• ASSIGNED TASK
In the copy, include exactly the lines from the one with "The striking steel-and-concrete" through the end of the data and no others, both ends kept, with every picture left out.

Data entries
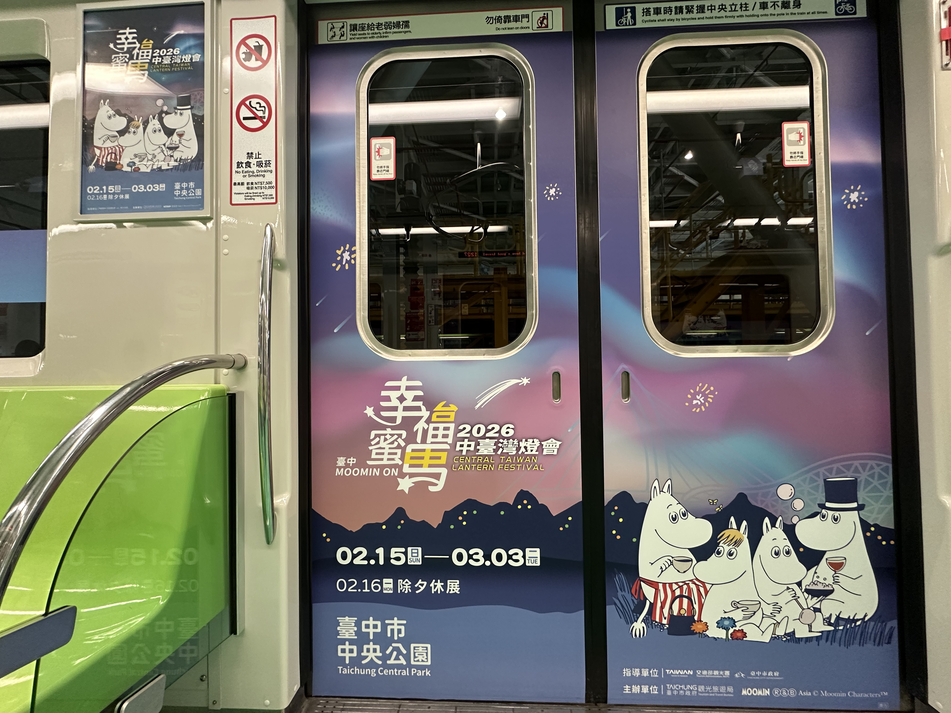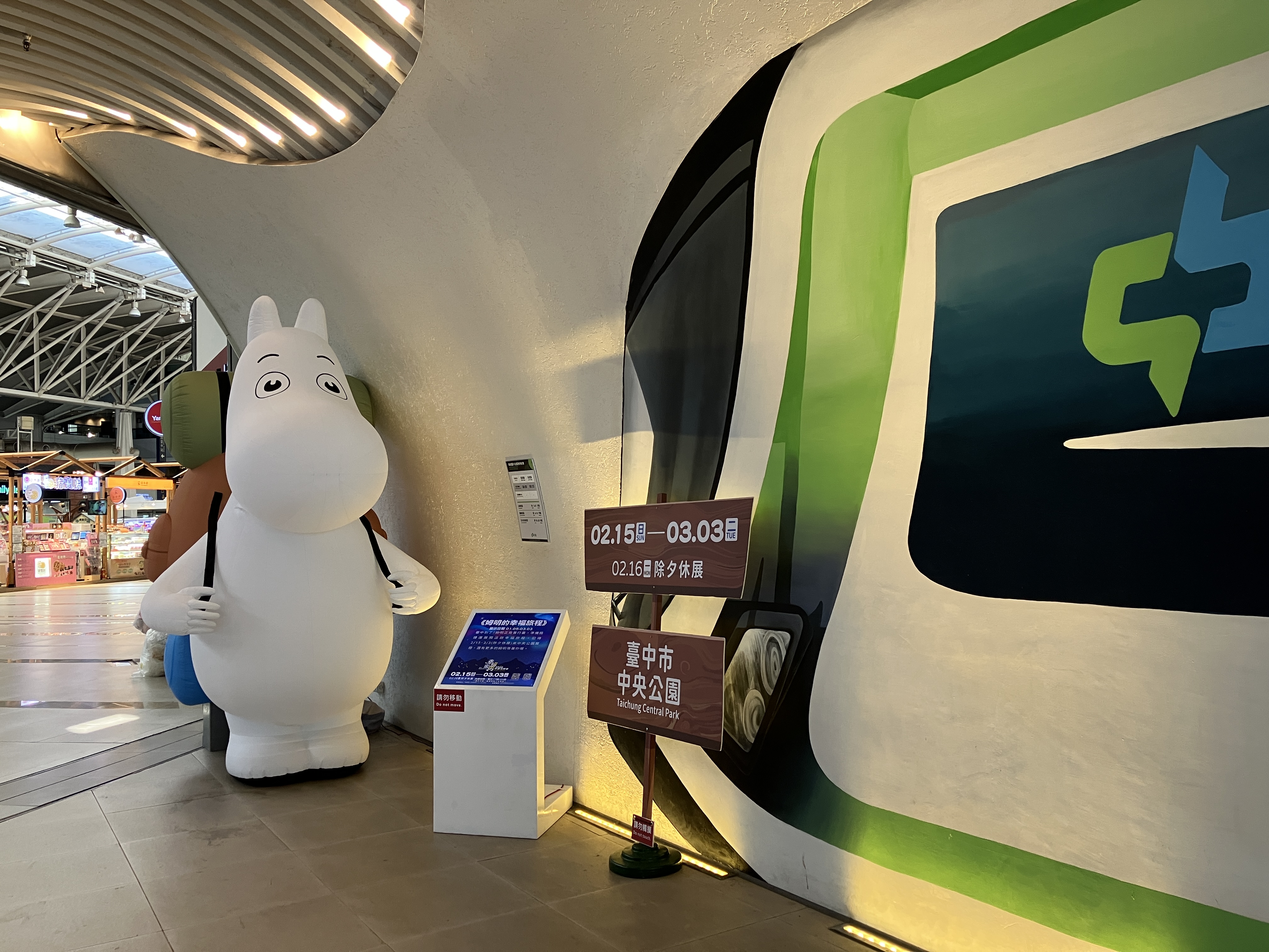 中台灣燈會今年以「幸福蜜馬」為主題,首度攜手國際知名IP「姆明一族(The Moomins)」跨界合作,超萌角色陪伴民眾一起幸福「Moving on」。中捷公司響應燈會主題,特別將姆明一族的可愛身影融入捷運系統,不僅推出吸睛的「姆明一族彩繪列車」,在捷運高鐵臺中站出口處也設置「姆明氣球模型」,成為熱門拍照打卡點,讓旅客一出站就能感受滿滿童話氛圍。
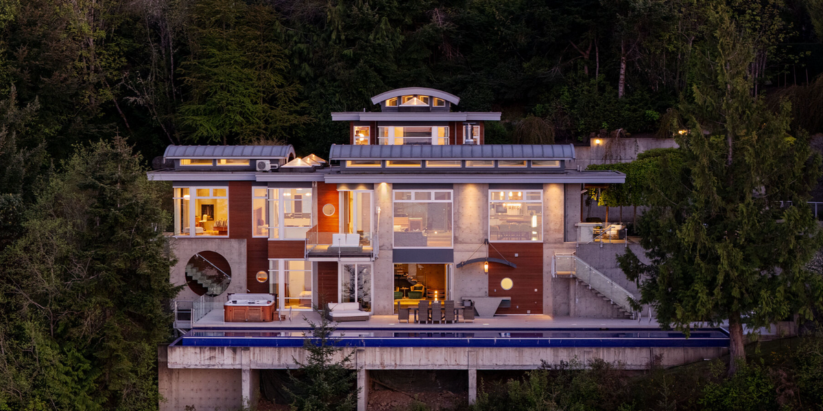 The striking steel-and-concrete residence that is 1580 Lands End Road sits on 1.59 acres of private land, boasting over 600 feet of ocean frontage and uninterrupted views that stretch from Mount Baker to the Gulf Islands. Both bold and serene, it’s a home designed to frame the drama of the Pacific while offering a peaceful retreat from the everyday.
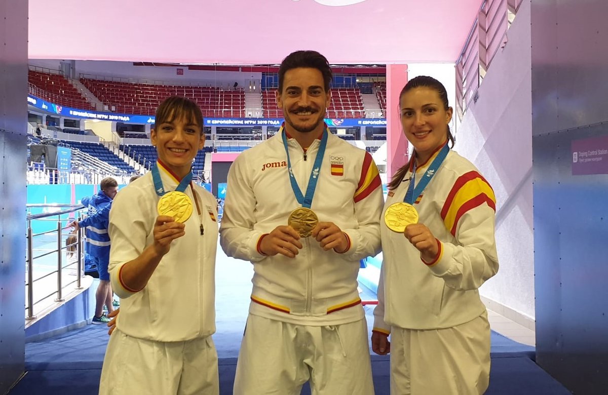 Los karatecas españoles Sandra Sánchez, Damián Quintero y Laura Palacio, en los Juegos Europeos de Minsk 2019. - RFEK
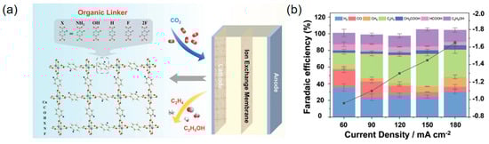 - Chen, R.; Cheng, L.; Liu, J.; Wang, Y.; Ge, W.; Xiao, C.; Li, C. Toward High-Performance CO2-to-C2 Electroreduction via Linker Tuning on MOF-Derived Catalysts. Small 2022, 18, 2200720. [Google Scholar] [CrossRef]
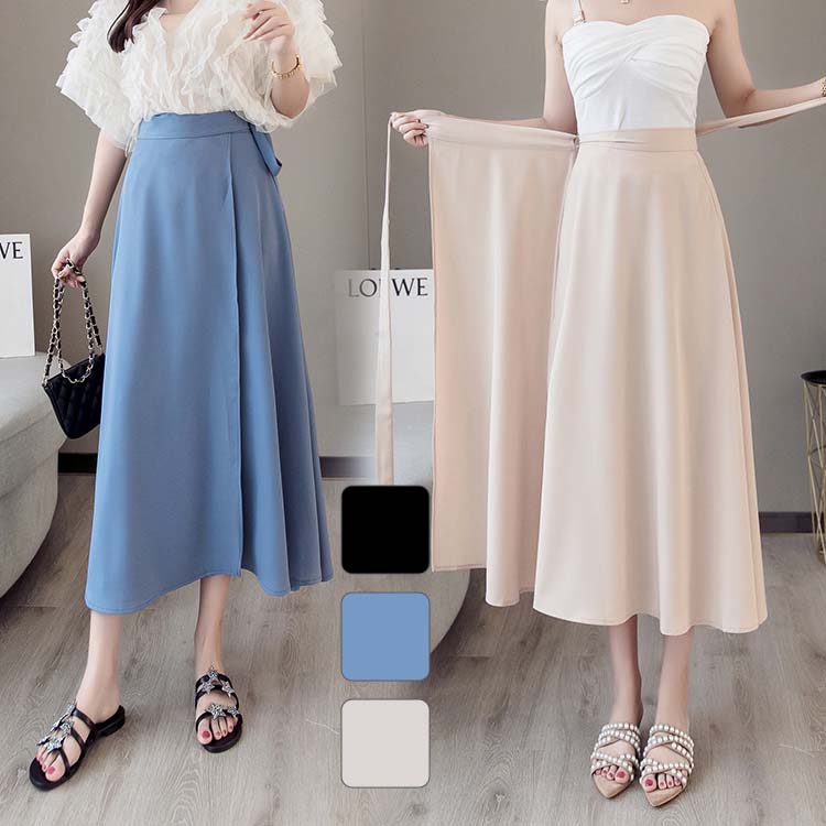 ロングスカート マキシスカート 春夏 サイズ フレアスカート シフォンスカート ロング ミモレ丈 リボン ハイウェスト フレア ライン 9 無地 ゆったり 大きいサイズ
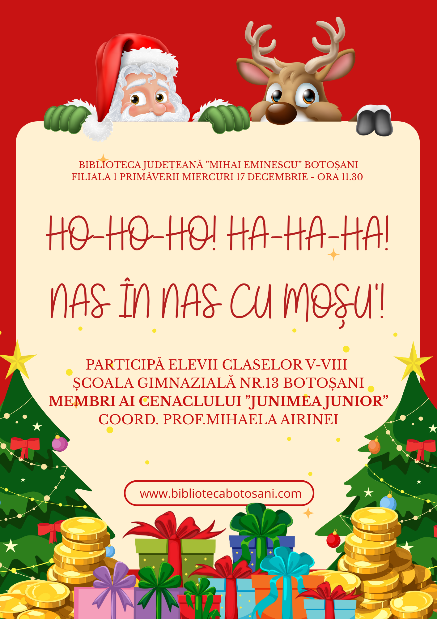 Seria activităților dedicate sărbătorilor de iarnă se încheie miercuri, 17 decembrie, la ora 11:30, cu cenaclul „Junimea Junior”, unde elevii din clasele V–VIII vor explora cu umor tema sărbătorilor în activitatea „Ho-Ho-Ho! Ha-Ha-Ha! Nas în nas cu Moșu’!”.
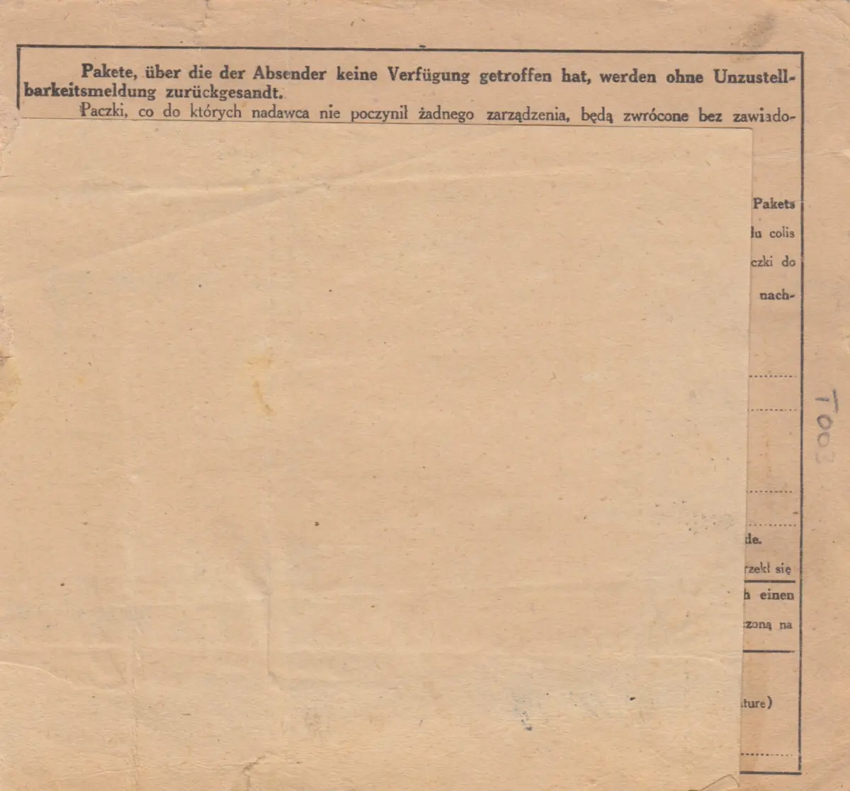 Carte de paquet international GG Bochnia vers Salzwedel, contenu Wehrmachtsgrund

• RESPONSE BOX
 The striking steel-and-concrete residence that is 1580 Lands End Road sits on 1.59 acres of private land, boasting over 600 feet of ocean frontage and uninterrupted views that stretch from Mount Baker to the Gulf Islands. Both bold and serene, it’s a home designed to frame the drama of the Pacific while offering a peaceful retreat from the everyday.
 Los karatecas españoles Sandra Sánchez, Damián Quintero y Laura Palacio, en los Juegos Europeos de Minsk 2019. - RFEK
 - Chen, R.; Cheng, L.; Liu, J.; Wang, Y.; Ge, W.; Xiao, C.; Li, C. Toward High-Performance CO2-to-C2 Electroreduction via Linker Tuning on MOF-Derived Catalysts. Small 2022, 18, 2200720. [Google Scholar] [CrossRef]
 ロングスカート マキシスカート 春夏 サイズ フレアスカート シフォンスカート ロング ミモレ丈 リボン ハイウェスト フレア ライン 9 無地 ゆったり 大きいサイズ
 Seria activităților dedicate sărbătorilor de iarnă se încheie miercuri, 17 decembrie, la ora 11:30, cu cenaclul „Junimea Junior”, unde elevii din clasele V–VIII vor explora cu umor tema sărbătorilor în activitatea „Ho-Ho-Ho! Ha-Ha-Ha! Nas în nas cu Moșu’!”.
 Carte de paquet international GG Bochnia vers Salzwedel, contenu Wehrmachtsgrund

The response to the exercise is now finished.